2013 film by John Akomfrah

The Unfinished Conversation is a 2012 multi-layered three-screen installation directed by John Akomfrah, co-founder of the Black Audio Film Collective. Through his celebrated technique of juxtaposing and layering archive footage with text, music and photographs, Akomfrah crosses the memory landscape of Stuart Hall, Jamaican-born founder of British Cultural Studies, to reflect on the nature and complexities of memory and identity. The Unfinished Conversation was commissioned by Autograph ABP. It opened at Tate Britain, London, on 26 October 2013, following its premiere at Bluecoat during the 2012 Liverpool Biennial.

== Summary ==

The Unfinished Conversation is a journey through theorist Stuart Hall's work and output on radio and television as a post-war immigrant who arrived in England in the first quarter of the 1950s and pioneered in British cultural studies, as the co-founder of the movement together with E. P. Thompson and Raymond Williams of the journal New Left Review. Director John Akomfrah, alongside his fellow Black Audio Film Collective members, was engaged with Hall's academic project since the 1970s due to his appearance in the BBC programme It Ain’t Half Racist, Mum. Consequently, The Unfinished Conversation is a personal project for the director reflecting on his own passage and research on archive-based work related to the notion of black identity.

== The commission ==

Akomfrah's project The Unfinished Conversation started as an application to the Arts Council initiated by Mark Sealy, Director of Autograph ABP and executive producer of the project, based on the premise of commissioning a collaboration between Akomfrah and academic Stuart Hall about the notion of visual and black identity. However, the extensive availability of archive material featuring Hall on radio, cinema and television suggested a parallel project, the making of Akomfrah's documentary The Stuart Hall Project.

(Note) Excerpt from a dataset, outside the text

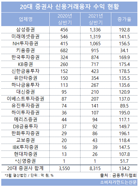 3일 금융투자협회에 따르면 자기자본 기준 20대 증권사의 올해 상반기 신용거래융자 수익은 8315억 원으로 지난해 상반기 3550억 원에 비해 134.2% 폭증했다.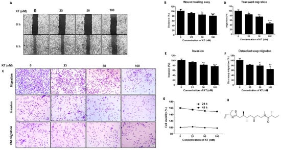 Wound healing, transwell migration, and invasion assays were performed to determine KT’s effect on cell migration. A wound healing assay was carried out within 16 h after KT treatment, whereas migration and invasion assays were carried out after 24 h of KT treatment. As a result, wound healing ability was significantly decreased in KT of 25, 50, and 100 nM compared with control (Figure 1A,B). The transwell migration assay shows that the respective concentration of KT suppresses the migration of cancer cells. The 50 and 100 nM concentrations of KT inhibit cancer cell invasion (Figure 1C–E). Our results indicate that KT reduces the motility of MDA-MB-231 breast cancer cells.

In an interview with writer-curator Georgia Korossi, Akomfrah explains: "I started to play around with the idea of seeing The Unfinished Conversation as our take on Hall's legacy and implications, and The Stuart Hall Project being pretty much his take on us, and the outside world."

The project was made possible by Autograph ABP's commission, with the aim to bring visibility to photographic histories and practices that have often been overlooked.

== The project ==

The acclaimed three-screen installation, The Unfinished Conversation, was developed through the study and selection from 800 hours of Stuart Hall's own archive material of audio interviews and television recordings. With reference to identity, race and memory, The Unfinished Conversation re-imagines the nature of memory itself through an individual's personal archive, marked with the music of Miles Davis, one of Hall's much loved musicians, as Hall's remarkable archive triggers the world events that were unfolding.

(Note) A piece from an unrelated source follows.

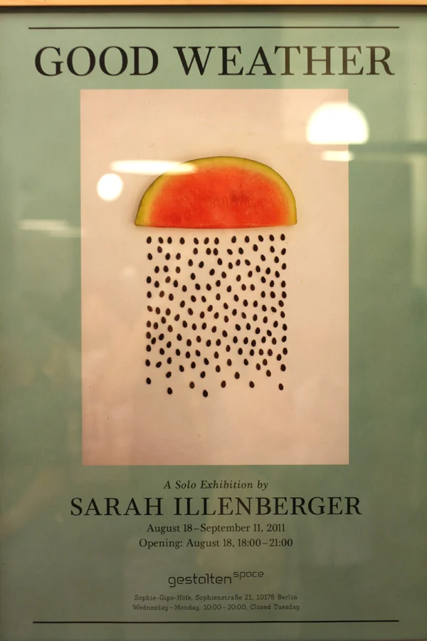 Und so war es nur eine Frage der Zeit bis sie ihre erste eigene Ausstellung bekommt. Sie trägt den Namen »Good Weather« und wurde letzte Woche im Gestalten Space in Berlin Mitte eröffnet. Zu betrachten sind großformatige Fotos und Originale ihrer Arbeiten. Wer sie sehen möchte sollte schnell sein, die Ausstellung läuft nur noch bist zum 11. September.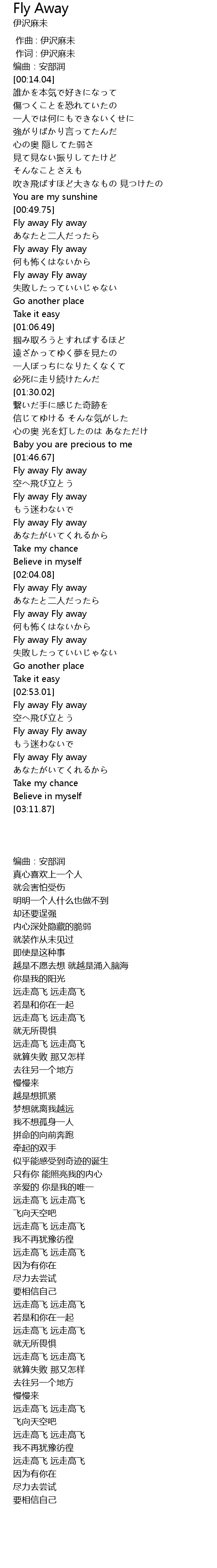 | [00:01.00] | 作词 : 伊沢麻未 |

Akomfrah's multi-layered installation celebrates Hall's groundbreaking work on culture and identity that is still relevant today. It also examines the questionable nature of the visual that reflects on Hall's work in media studies; with reference to Hall's own position in the world, growing up in Jamaica as part of the Caribbean diaspora, it tackles his central idea that identity, ethnic, cultural or sexual, is fluid and open to recreation.